[Exercise description] Here is a listing. Write it all out again exactly, but not its pictures.

[Dataset extract]

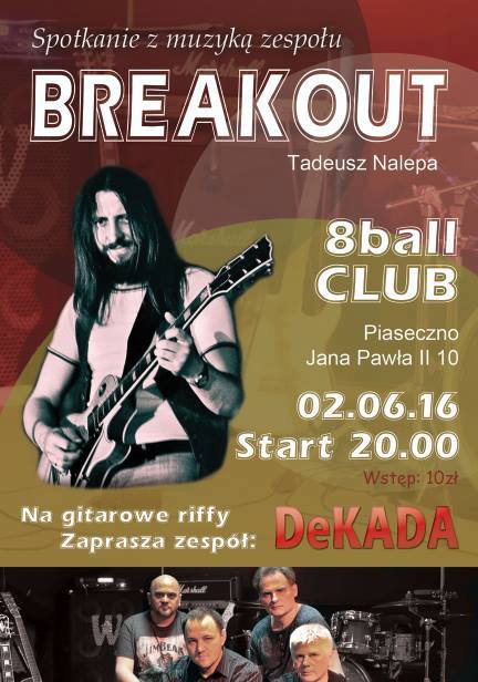 2 czerwca o godzinie 20:00 odbędzie się spotkanie z muzyką Breakout - zagra zespół Dekada. Wstęp 10 zł. Miejsce: 8 Ball Club Jana Pawła II 10, Piaseczno.
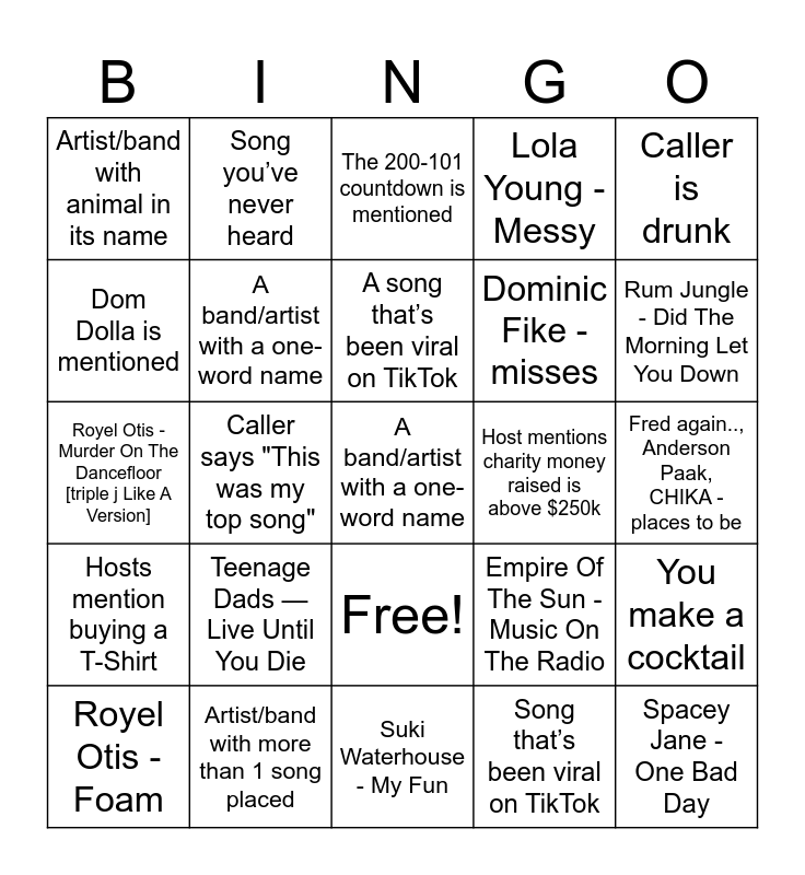 This bingo card has 26 words: Free!, Song that’s been viral on TikTok, A song that’s been viral on TikTok, Artist/band with more than 1 song placed, Caller is drunk, Artist/band with animal in its name, Dom Dolla is mentioned, Song you’ve never heard, Fred again.., Anderson Paak, CHIKA - places to be, Empire Of The Sun - Music On The Radio, Dominic Fike - misses, Royel Otis - Murder On The Dancefloor [triple j Like A Version], You make a cocktail, Royel Otis - Foam, Caller says "This was my top song", You win beer pong, Lola Young - Messy, Hosts mention buying a T-Shirt, The 200-101 countdown is mentioned, A band/artist with a one-word name, Rum Jungle - Did The Morning Let You Down, Suki Waterhouse - My Fun, Host mentions charity money raised is above $250k, Teenage Dads — Live Until You Die, A band/artist with a one-word name and Spacey Jane - One Bad Day.
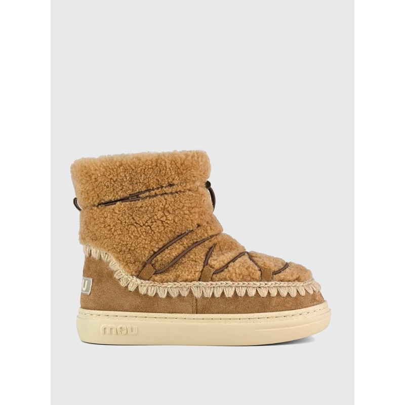 DESCRIPTION:The Eskimo Sneaker Bold Scoubidou Lace Boot is a cozy and stylish choice for winter. Crafted from soft, curly sheepskin, it features mou's signature hand-crochet wool stitching and a bold scoubidou lace detail. A durable and comfortable sole ma
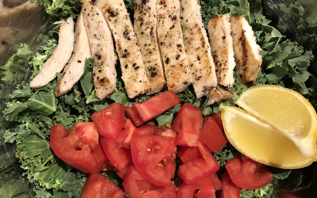 - In a large bowl combine kale, lemon juice, olive oil, salt and pepper (if desired).

[Answer to the problem]
 2 czerwca o godzinie 20:00 odbędzie się spotkanie z muzyką Breakout - zagra zespół Dekada. Wstęp 10 zł. Miejsce: 8 Ball Club Jana Pawła II 10, Piaseczno.
 This bingo card has 26 words: Free!, Song that’s been viral on TikTok, A song that’s been viral on TikTok, Artist/band with more than 1 song placed, Caller is drunk, Artist/band with animal in its name, Dom Dolla is mentioned, Song you’ve never heard, Fred again.., Anderson Paak, CHIKA - places to be, Empire Of The Sun - Music On The Radio, Dominic Fike - misses, Royel Otis - Murder On The Dancefloor [triple j Like A Version], You make a cocktail, Royel Otis - Foam, Caller says "This was my top song", You win beer pong, Lola Young - Messy, Hosts mention buying a T-Shirt, The 200-101 countdown is mentioned, A band/artist with a one-word name, Rum Jungle - Did The Morning Let You Down, Suki Waterhouse - My Fun, Host mentions charity money raised is above $250k, Teenage Dads — Live Until You Die, A band/artist with a one-word name and Spacey Jane - One Bad Day.
 DESCRIPTION:The Eskimo Sneaker Bold Scoubidou Lace Boot is a cozy and stylish choice for winter. Crafted from soft, curly sheepskin, it features mou's signature hand-crochet wool stitching and a bold scoubidou lace detail. A durable and comfortable sole ma
 - In a large bowl combine kale, lemon juice, olive oil, salt and pepper (if desired).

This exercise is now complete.